Changbin groaned, his body trembling with desire. "y/n, i know how much longer I can hold back," he panted, his voice filled with need. Y/n grinned, her eyes never leaving his cock. "That's the idea, Changbin. Now, let's do this," she said, her hand guiding his cock towards her soaking wet pussy as she lifted herself just enough.
As Changbin's cock brushed against her wet folds, y/n let out a soft moan, her hips bucking involuntarily. "Changbin. I need you inside me.” she said as she began to slide down into Changbins thick cock. Y/n cried out in pleasure, her body writhing as Changbin filled her completely. Changbin watched her every move and expression, his hands gripping her hips as he held her in place, slowly giving in into the pleasure, not being able to resist.
"Oh, Changbin," Y/N whimpered, her fingers digging into his shoulders. "You feel so good inside me." Changbin watched y/n’s expressions as she clenched around his cock. “Fuck it” Changbin then held y/n in place as he thrusted into her with urgency. The room was filled with the sound of their gasps and moans, the tension between them reaching another level.
Changbin's cock throbbed at her moans as y/n gasped and threw her head back in pleasure. Changbin held y/n tight, his hands gripping her hips as he began to thrust into her, each movement deepening the connection between them. Y/n's moans grew louder with each thrust, her nails digging into Changbin's shoulders as she rode the waves of pleasure. "Faster," Y/N pleaded, her hips rocking in perfect rhythm with Changbin's. "Harder, yes, just like that." Changbin obliged, his cock sliding in and out of y/n's tight pussy with ease. The sound of their bodies slapping together filled the room, mingling with y/n's soft moans and Changbin's deep grunts of pleasure.
Y/N's breasts bounced with each thrust, her nipples hard and begging for attention. Changbin leaned in, capturing one of y/n's erect nipples between his lips, teasing it with his tongue, slowly biting it as Y/N continued to ride him. "Uhh, yes…" y/n cried, her voice hoarse with desire. "Just like that, harder, fuck me h-harder…"
Changbin groaned in response, his hips thrusting against y/n hips, his cock buried deep inside her. Her pussy clenched around him, her orgasm building up. "I-Im so close Bin…" y/n panted, her breath coming in ragged gasps. "Bin, I'm going to cum-", Changbin's gripped on y/ns hips as he help her in place fucking into her faster. Her pussy tightened around his cock, "Fuck, Y/N," he growled, his voice hoarse with desire. "I'm going to cum inside you and you’re gonna like it” Changbin said. Y/n's eyes widened with pleasure, her body trembling as she neared her climax. "Cum for me, baby," she panted, her voice filled with desire. "Cum inside me."

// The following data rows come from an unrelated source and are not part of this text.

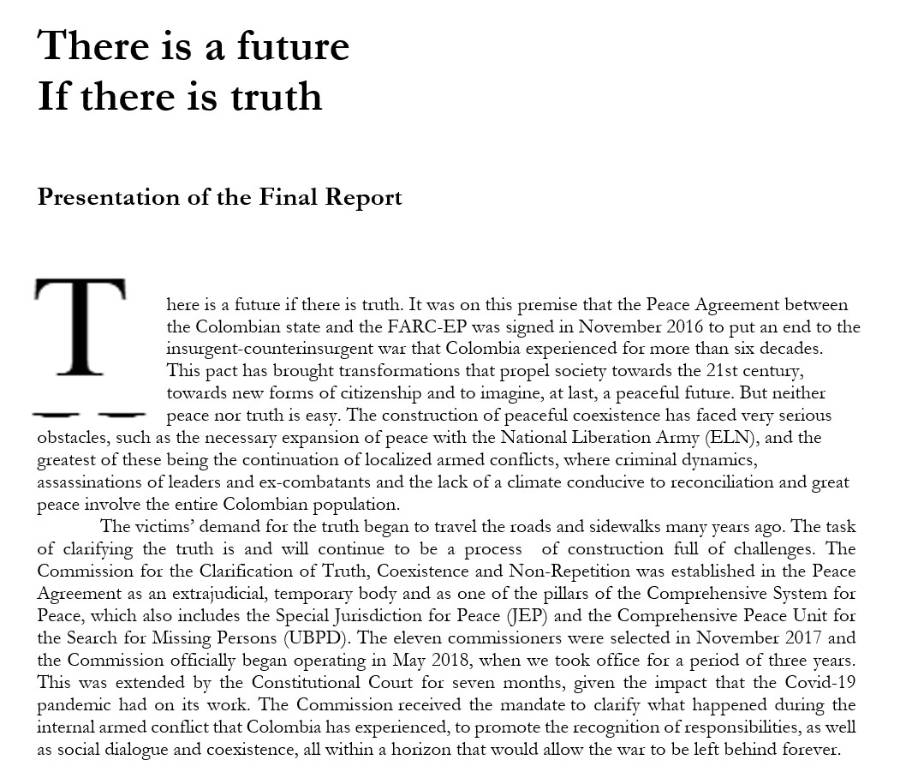 (Truth commission) released a series of extensive reports at the end of their three-year investigation into the human rights violations committed during the 52+ years of civil war in Colombia. A few summary documents from the commission have been translated into English.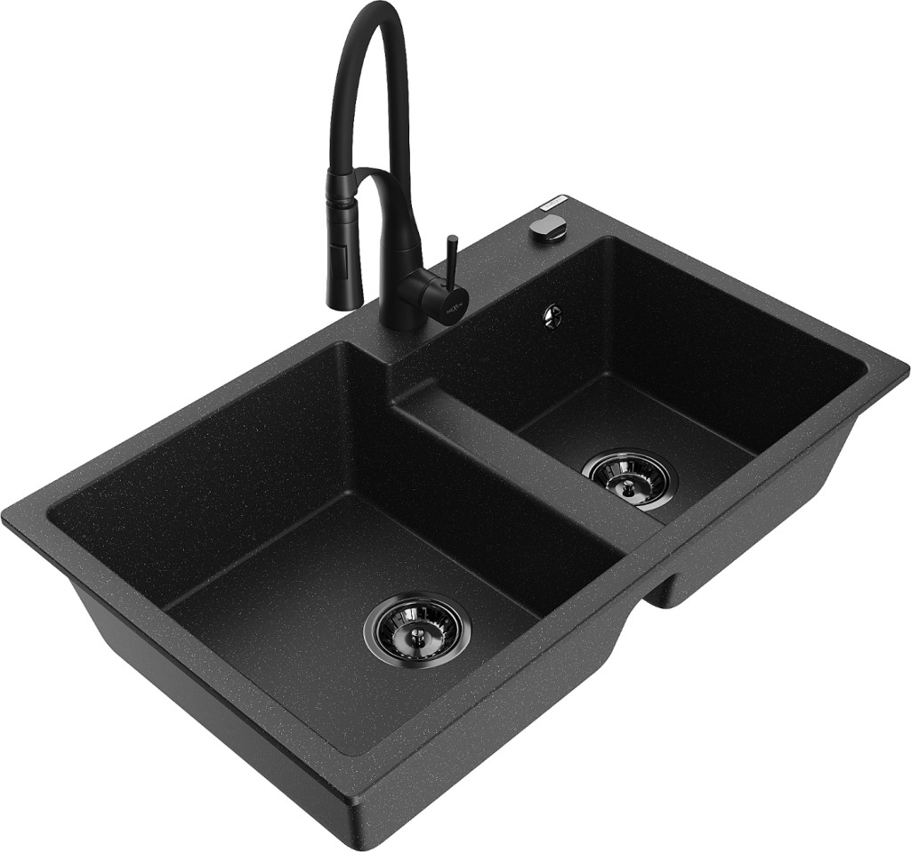 Technické dáta: Drez: Rozmer: 800x500x190 mm Hĺbka komory: 180 mm (väčšia), 180 mm (menšia) Rozmery komory: 440x387 mm (väčšie), 370x303 mm (menšie) Priemer odtoku: ø90 mm Typ: 2-komorový Typ: Zapustené do pracovnej dosky Materiál: žula Farba: čierna/strieborná metalíza Povrchová úprava sifónu: čierna Materiál: žula (80% žulové kamenivo 20% živice) Prepadový otvor: Áno Otvory: (batérie, automat) 2 Vysoká odolnosť proti poškriabaniu a zmene farby Odolnosť proti tepelným šokom Povrch pre ľahké čistenie Jeden dodatočný vyfrézovaný otvor na samodierovanie ø35 Kuchynská batéria: Materiál: mosadz Čierna farba Hlava: Keramická Perlátor: Áno Typ výtoku: Flexibilný s mosadznou podperou Typ: Jednopákové Výška batérie: 430 mm Rozsah výtoku: 235 mm(GT) Ean: 5905315048202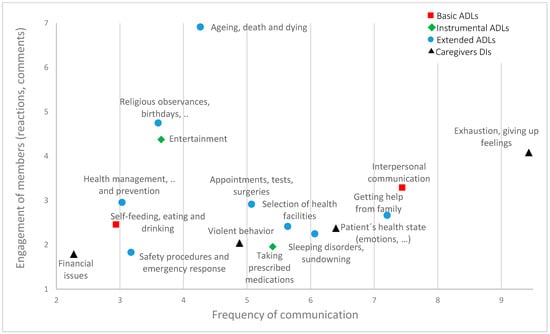 Activities of EADLs accounted for the largest part (40.7%) of the research sample. In relation to publishing frequency, there are four discussion topics with a similar representation: getting help from the family members (15.3%); sleeping disorders, sundowning (14.6%); appointments; test and surgeries (14.2%); and selection of caregivers and health facilities, moving to a facility (13.6%). On the other side, the themes care of pets (2.1%) and social groups and other public events (4.1%) are communicated the least.
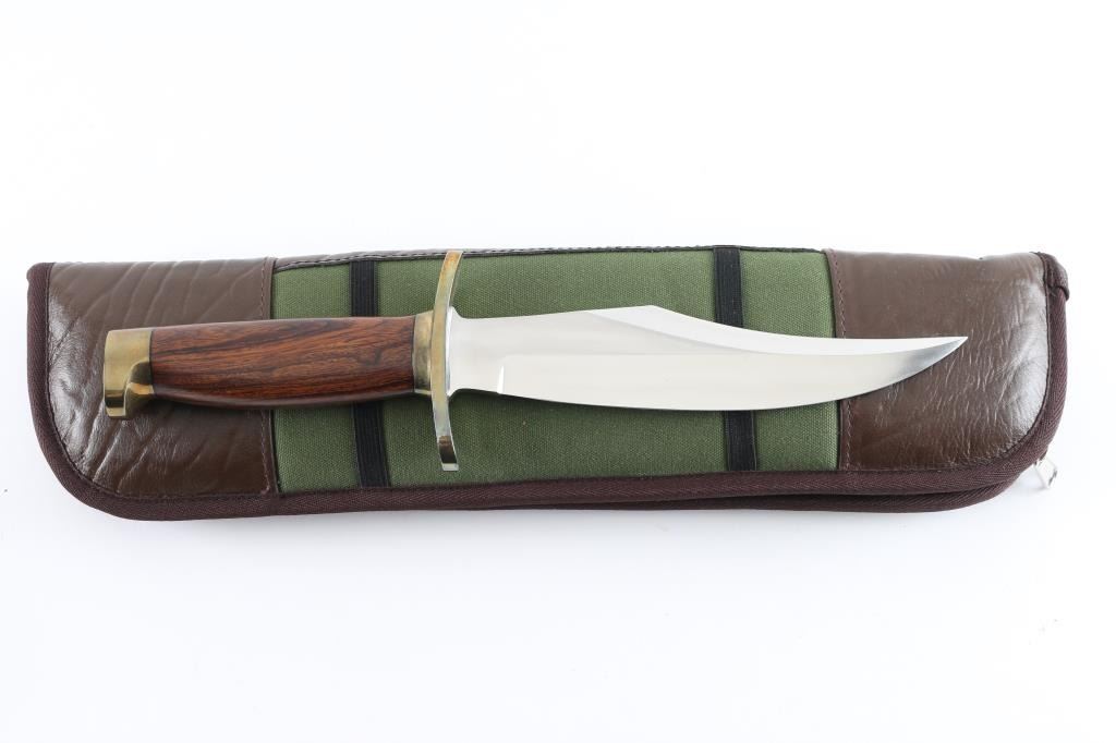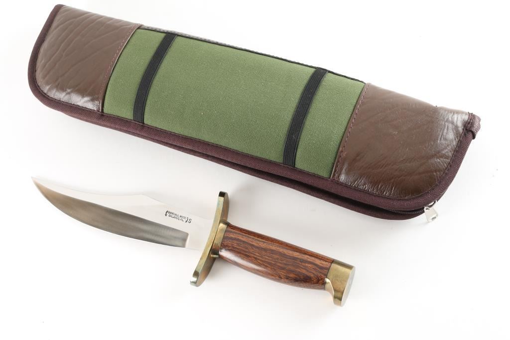 Model 12. 8" blade of 1/4" stock. 1 5/8" wide. The top cutting edge is sharpened approximately 5 ¼”. Brass double forward curved hilt. Approximately 5" wood handle. Brass scalloped butt cap. Designed on special order for a big game sportsman who planned to use it for hunting.

Changbin's eyes rolled back in pleasure, his body tensing as he reached the point of no return. With a final, powerful thrust, he buried himself deep inside y/n and let out a deep groan as he released his load inside her. Y/n collapsed onto Changbin's chest, her body spent from the intense pleasure. They lay there, their hearts pounding in unison as they caught their breath.
"Thanks for helping me relax, y/n," he whispered, his voice filled with affection. Y/n snuggled closer, her eyes fluttering closed as she whispered back, "Anytime, baby. That's what I'm here for."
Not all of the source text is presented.